Please copy, word for word, the line holding "Ma ono powierzchnię" and each line that follows it through the end of the entries, omitting any pictures.

Segment Start: Exercise material

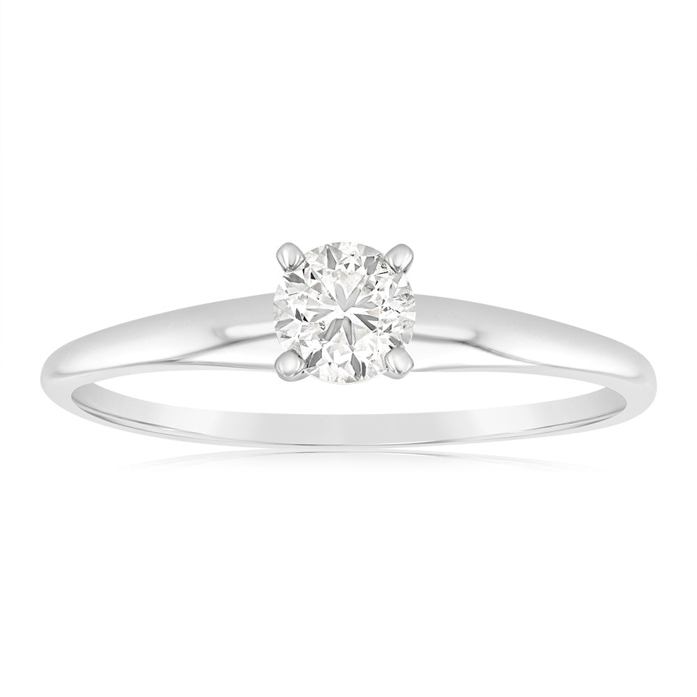 14ct White Gold Solitaire Ring With 50 Point Brilliant Cut Diamond
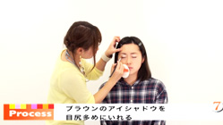 ブラウンのアイシャドウを目尻に丸く、多く入れてタレ目を作る。
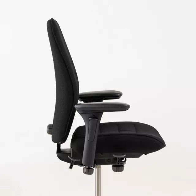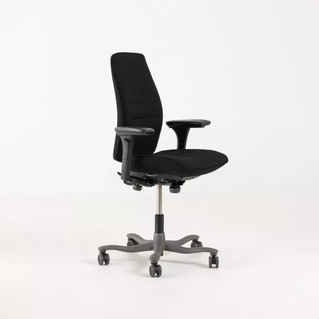 Den ergonomiske arbejdsstol 5000 fra Kinnarps er designet til at forbedre komforten i professionelle miljøer. Med justerbare armlæn tilbyder denne brugervenlige kontorstol flere indstillingsmuligheder for en kropsvenlig siddestilling. Stolen er fuldpolstret i sort stof med et gråt fodkryds, og dens design er både moderne og funktionelt. Formgivet af Johan Larsvall og Torbjörn Höjer støtter stolen ikke blot god ergonomi, men repræsenterer også en forfinet skandinavisk designfornemmelse.
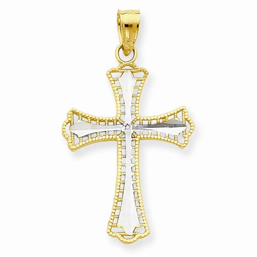 10k Yellow Gold & Rhodium Diamond-Cut Cross Pendant, Gorgeous Pendants for Necklace
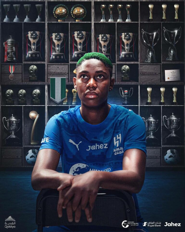 From her early days at Robo Queens and Rivers Angels, to stints at Liverpool, Arsenal, Dalian Quanjian, Barcelona, Bay FC — and now Al Hilal — Oshoala has remained Africa’s biggest female football export.
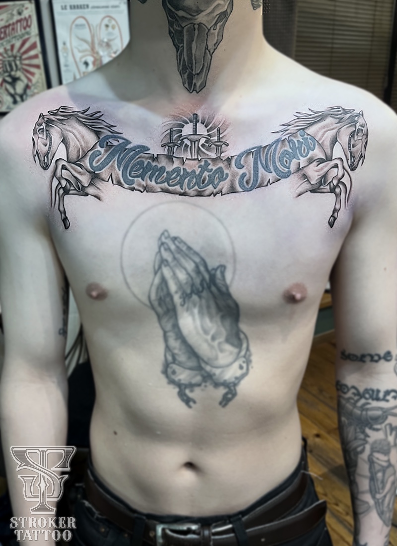肩の付け根には馬を2頭。
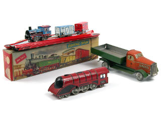 longueur 108 cm - moteur à ressort (fonctionne) - en action, la locomotive & ses 2 wagons simulent une scène de triage ferroviaire
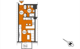 Ma ono powierzchnię użytkową 30,20 m² i składa się z pokoju dziennego połączonego z jadalnią i aneksem kuchennym (20,78 m²), korytarza (4,94 m²) oraz łazienki (4,48 m²). Dodatkowym atutem lokalu jest balkon o powierzchni 3,35 m².
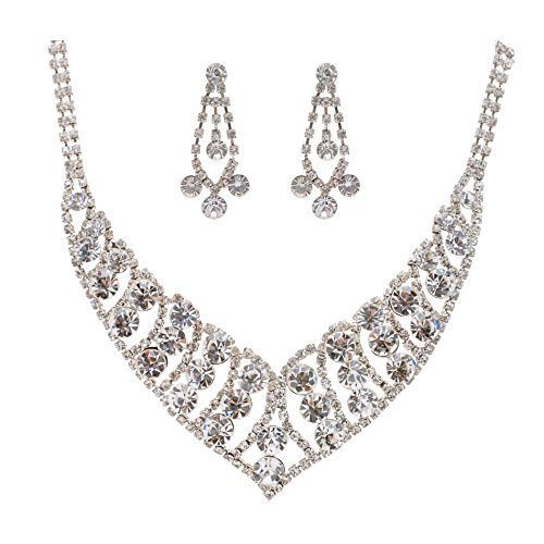 -. Title : ACCESSORIESFOREVERレディースブライダルウェディングジュエリーセットクリスタルラインストーンBubbly Vドロップネックレス
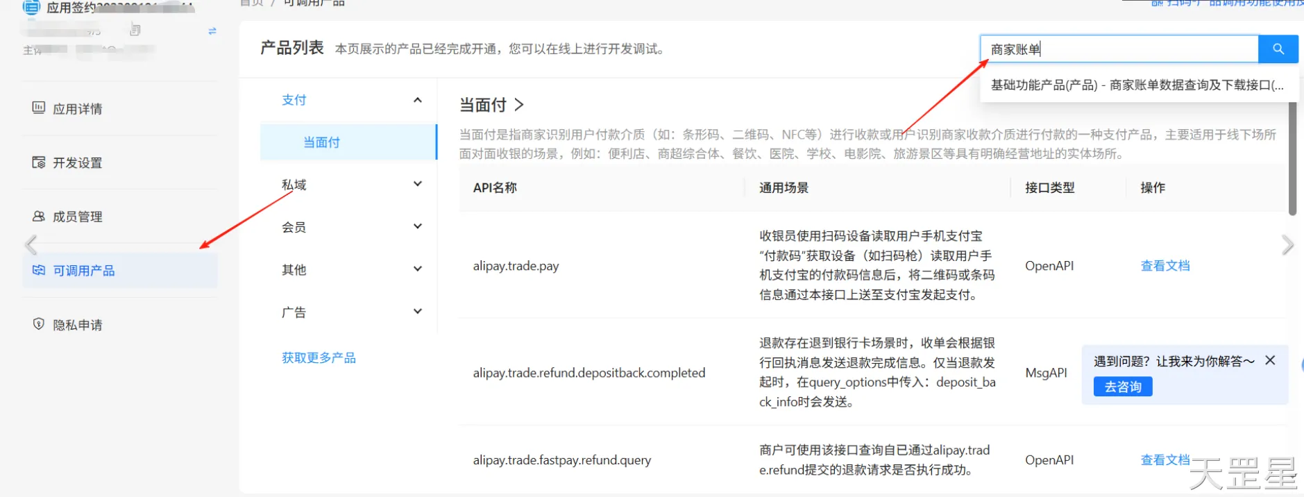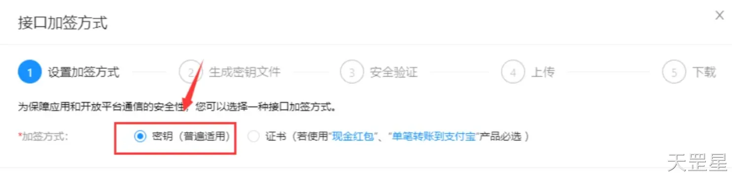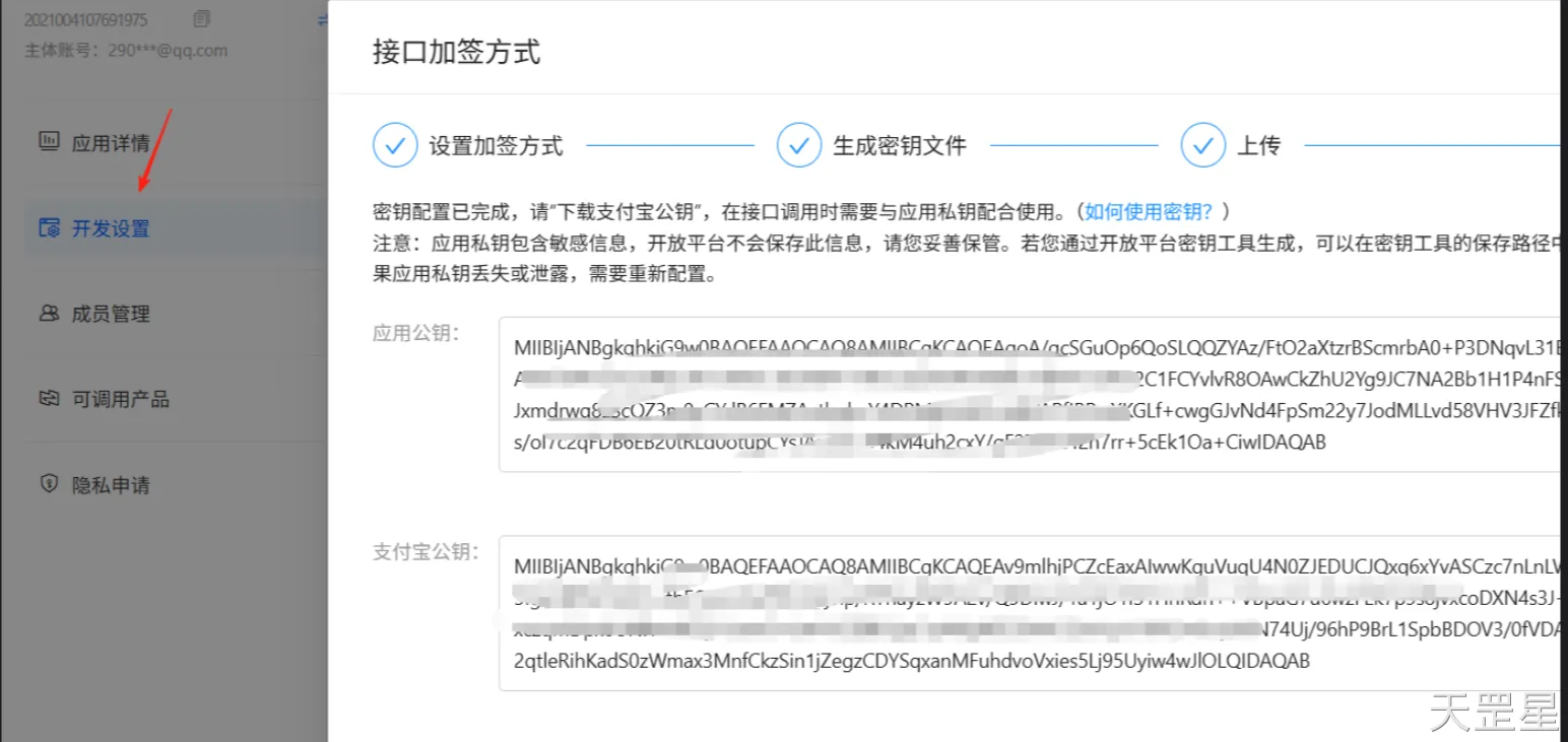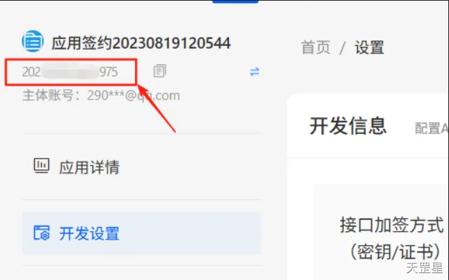 进入详情后点击开发设置,选择接口加签方式(密钥/证书)

Segment End: Exercise material

Written answer »
 Ma ono powierzchnię użytkową 30,20 m² i składa się z pokoju dziennego połączonego z jadalnią i aneksem kuchennym (20,78 m²), korytarza (4,94 m²) oraz łazienki (4,48 m²). Dodatkowym atutem lokalu jest balkon o powierzchni 3,35 m².
 -. Title : ACCESSORIESFOREVERレディースブライダルウェディングジュエリーセットクリスタルラインストーンBubbly Vドロップネックレス
 进入详情后点击开发设置,选择接口加签方式(密钥/证书)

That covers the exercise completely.